Health Concerns Around Microwaves

Microwaves utilized by devices like mobile phones, WiFi routers, smart meters, and ovens operate at levels well below those thought to cause adverse health effects from sustained exposure based on current research.

However, microwaves are a form of non-ionizing radiation, meaning they don‘t carry enough energy per quantum to ionize atoms or molecules. Their primary effect is heating tissue.

Governmental organizations like OSHA provide strict exposure limit guidelines employers must follow to protect workers using microwave devices continuously. The FDA also enforces specific absorption rate (SAR) maximums for modern consumer electronics so heating remains negligible.

More research is still needed to conclusively determine if regular low-level exposure like from cell phones increases cancer risks as some studies suggest.
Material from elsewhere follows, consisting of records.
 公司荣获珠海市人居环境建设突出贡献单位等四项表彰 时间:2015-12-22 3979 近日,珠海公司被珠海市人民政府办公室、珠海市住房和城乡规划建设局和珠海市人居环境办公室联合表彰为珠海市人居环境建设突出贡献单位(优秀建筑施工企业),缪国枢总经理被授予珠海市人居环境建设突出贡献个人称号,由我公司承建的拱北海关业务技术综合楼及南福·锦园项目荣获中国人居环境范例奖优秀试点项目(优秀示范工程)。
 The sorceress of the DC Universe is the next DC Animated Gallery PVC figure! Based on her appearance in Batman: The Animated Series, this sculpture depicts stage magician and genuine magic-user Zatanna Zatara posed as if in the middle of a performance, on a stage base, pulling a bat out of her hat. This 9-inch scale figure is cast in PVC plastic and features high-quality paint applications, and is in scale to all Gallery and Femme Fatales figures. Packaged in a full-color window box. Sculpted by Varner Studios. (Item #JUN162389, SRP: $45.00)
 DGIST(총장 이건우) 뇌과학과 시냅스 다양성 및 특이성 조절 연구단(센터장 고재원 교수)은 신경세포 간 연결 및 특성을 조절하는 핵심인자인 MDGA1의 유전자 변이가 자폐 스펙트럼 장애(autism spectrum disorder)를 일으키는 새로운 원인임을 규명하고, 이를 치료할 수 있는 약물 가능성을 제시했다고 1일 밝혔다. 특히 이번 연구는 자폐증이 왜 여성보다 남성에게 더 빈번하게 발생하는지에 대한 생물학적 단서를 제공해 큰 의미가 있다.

Until then, precautions like not keeping phones in pockets for prolonged periods or directly on the body may mitigate unconfirmed dangers.
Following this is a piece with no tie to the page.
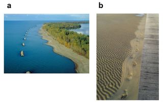 current13:07, 16 May 2017Thumbnail for version as of 13:07, 16 May 20171,073 × 674 (75 KB)Dronkers J (talk | contribs)Left: Rhythmic shoreline features forced by a breakwater system. Right: Picture taken at the Arcachon bay and it shows ripple marks and shoreline undulations at low tide.
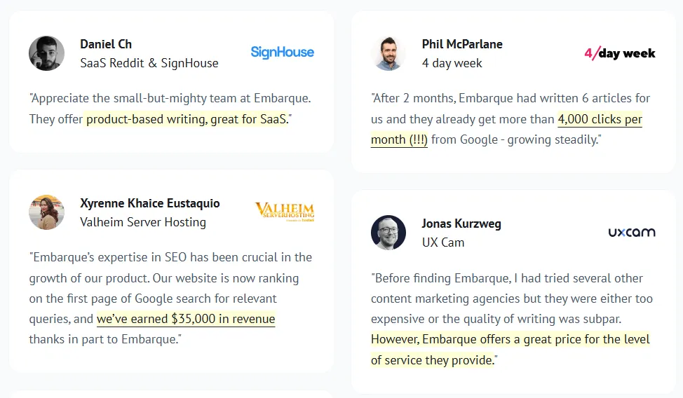 Look for agencies with a track record of delivering measurable results for SaaS or tech companies. At Embarque, we’ve helped companies like Instatus and SignHouse achieve multi-thousand percent traffic growth while driving qualified leads.

Microwaves in Space Exploration

Beyond their discovery in cosmic background radiation decades ago, microwaves continue serving pivotal roles in studying spacetime and celestial phenomena.

Space Telecommunications

Given their high frequency modulated data capacity and penetration through the atmosphere, microwaves enable the vast majority of spacecraft communications and data transfer whether to relay astronauts voices or rover images from across the solar system. Networks of sensitive ground dishes receive and transmit signals.

Spacecraft Navigation

Interplanetary vehicles transmit microwaves that are picked up by giant antenna arrays on Earth to precisely track their speed and trajectory across millions of miles. Without this radar ranging, minute course corrections would not be feasible.

Astronomy

Tree kilometer-scale radio telescope networks with ultra sensitive receivers detect the faintest microwave signals from stars being distorted by blackhole gravity or from molecule clouds coalescing into new star nurseries. Even relic radiation from the universe’s origins falls within microwave frequencies.

The Future of Microwaves

From powering smartphones globally to enabling autonomous vehicles to revealing the hidden universe, microwaves will continue opening new capabilities:

6G Research

With 5G cellular networks just being initially deployed, laboratories have already begun R&D into successors that could operate over 90 GHz into the millimeter wave range. This promises simultaneous connections for millions of devices with extreme low latency – perhaps enabling remote robotic surgery across cities. Realistic implementations are at least a decade down the road however.

High Resolution Radar

Higher frequency microwave radars using shorter millimeter wavelengths and sophisticated processing offer centimeters-scale resolution from satellites, a 10x improvement revealing city details like manholes, mailboxes, and lane markings.

WiFi Advancements

The WiFi 7 standard now in development will tap previously unused 6 GHz and 7 GHz frequencies to deliver smoother streaming and VR experiences in congested urban environments where slower bands are overloaded.

Wireless Data Centers

Technology leaders like Facebook aim to replace cables in data centers with free space lasers and directed microwave beams that never wear out and can dynamically redirect capacity. This could greatly speed information flows and reduce power consumption.

So in summary, from communications, to biological analysis, and perhaps even powering colonies on Mars one day, invisible microwave photons will continue broadening horizons for decades to come through their unique EM abilities.